Ai-Gul Gaisina, herself Russian–born and who joined The Australian Ballet in 1973 as the eldest Clara was poignant and charismatic. As Clara the Ballerina, Dimity Azoury was astonishing. With creamy épaulement, she had breathtaking control in the adagio with wonderfully long, slow unfolding of the leg in développé, and handled the acrobatic, at times almost death-defying, choreography brilliantly. The pas de deux between Clara the allerina and her Beloved Officer are sometimes exuberant and joyous, fluid, passionate and entwining, with some extremely difficult lifts contrasted with the quite formal Act 2 grand pas de deux between Clara and the Nutcracker Prince. The complex criss-crossing and patterns of Murphy’s choreography for the corps de ballet is also fabulous. The Snowflakes are deliciously fluffy and feathery, and the Waltz of the Flowers is rather more heavy and ornate (for the court), and the ballet dancers on stage are all in red and gold .

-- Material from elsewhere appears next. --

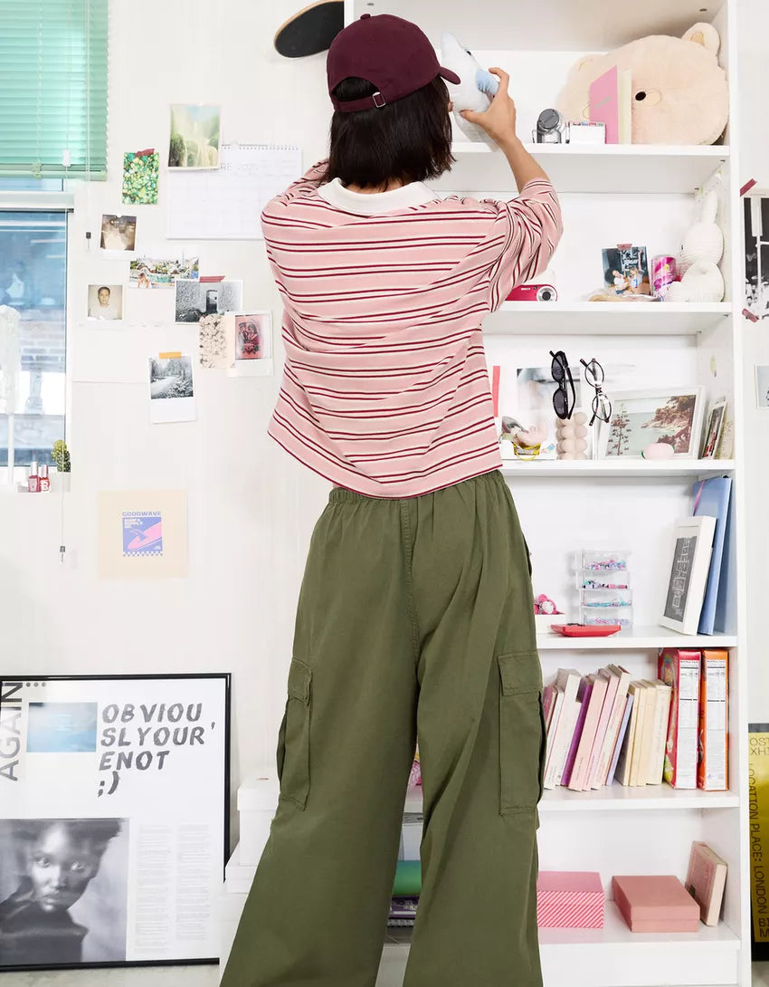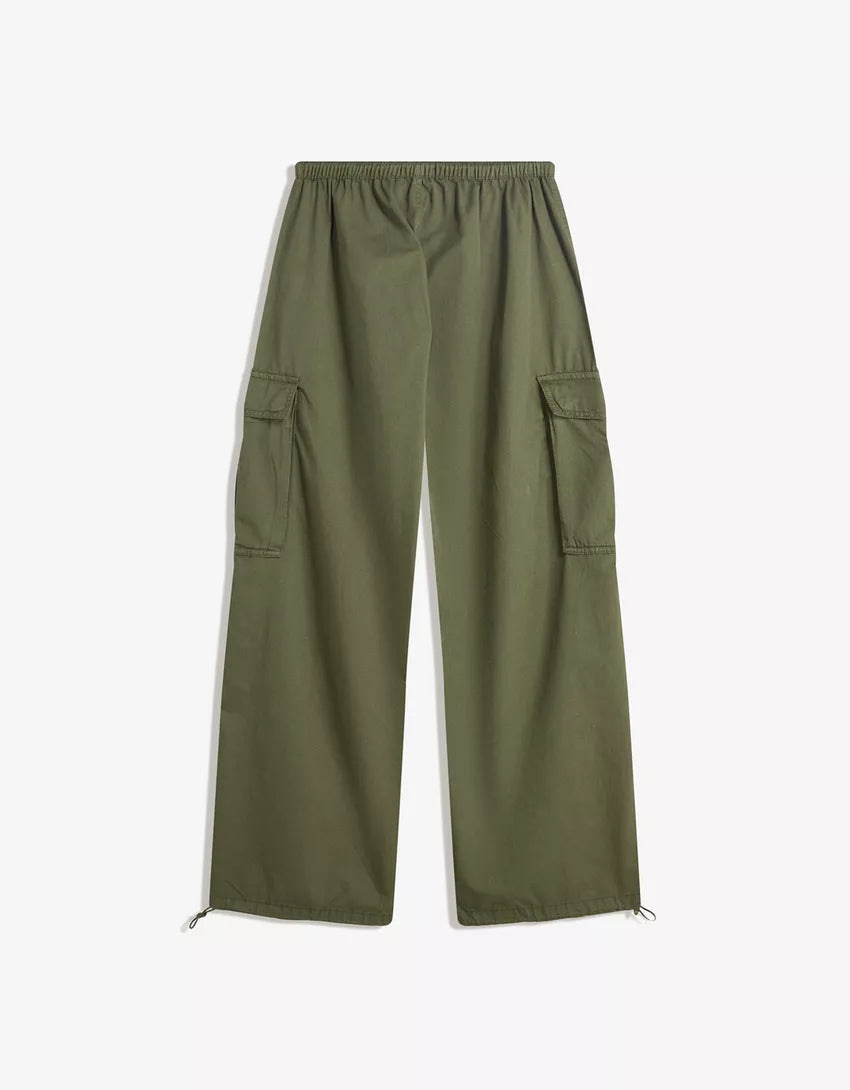 Cargo parachute pants. Available in khaki, burgundy.

Tall, dark and handsome Jarryd Madden was terrific as the Beloved Officer and the Doctor – fine partnering and fabulous jumps. Andrew Wright as the Nutcracker Prince (looking as if he was the Prince out of the original Fokine Diaghilev Ballets Russes Firebird) was also extremely impressive.
Among the older dancers, there are delightful cameos from, for example, Colin Peasley as the Dance Master at the Conservatoire and Patrick Harding-Irmer as a pushy larrikin Australian reporter.
While there is no Sugarplum Fairy, no sugary Land of Sweets, no toy soldier who comes alive, this is sheer theatrical Murphy magic.
By Lynne Lancaster of Dance Informa.